Doch es gibt gelungene und erwähnenswerte Beispiele für ironische aber durchaus ernstzunehmende “Staatsbürgerkunde”, wo dieses links-rechts, progressiv-konservativ Koordinatensystem erklärt wird, bei dem man gedanklich auch mal die Achsen und dadurch die Relationen verschieben darf, und die Tatsache dargestellt wird, dass es eben KEINE “Sozialdemokratisierung” der Union gegeben haben kann. Ferner wird auch gezeigt, dass viele Bürger die (neoliberale) AfD falsch einsortieren, weil sie glauben, diese sei eine Partei für den “kleinen Mann”. Die zehnminütige “Tafelnummer” aus der ZDF Politsatire Die Anstalt ist äußerst sehenswert:
Ausschnitt aus “Die Anstalt” vom 4. Oktober 2016 – Staatsbürgerkunde
Quelle: zdf
Welche Partei steht wo und für was?
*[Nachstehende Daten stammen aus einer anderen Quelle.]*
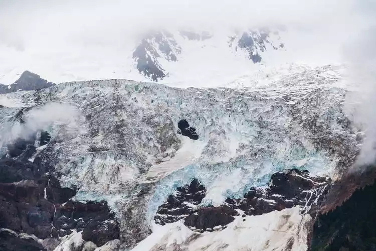 When the weather is fine, you can see the mountain flowers blooming around the glacier and the lush forest dancing like silver snakes.

Die Anstalt präsentiert ein Update zum deutschen Parteiensystem.
Soweit der NachDenkSeiten Leser C. G. aus München.
Was gab’s noch in dieser Woche? Erheiterndes und Bedrückendes zugleich:
Juncker deckt Oettinger. Nun schon zum zweiten Mal innerhalb kurzer Zeit. Wegen der Schlitzaugen und wegen der Nutzung einer besonderen Flugbereitschaft, einer Kombination aus ungarischer Regierung und Daimler-Benz Lobby.
Martin Schulz glaubt wirklich, er habe das Zeug zum Außenminister und zum Bundeskanzler. Am besten in Kombination. Es ist nicht ausgeschlossen, eher wahrscheinlich, dass er zumindest Außenminister wird. Die wichtigste Grundvoraussetzung erfüllt er: voll eingebaut ins transatlantische Bündnis. Die ebenfalls eingebundenen Medienvertreter werden ihn über den grünen Klee loben.
Damit reicht’s auch.
Trotz allem wünsche ich Ihnen ein schönes Wochenende.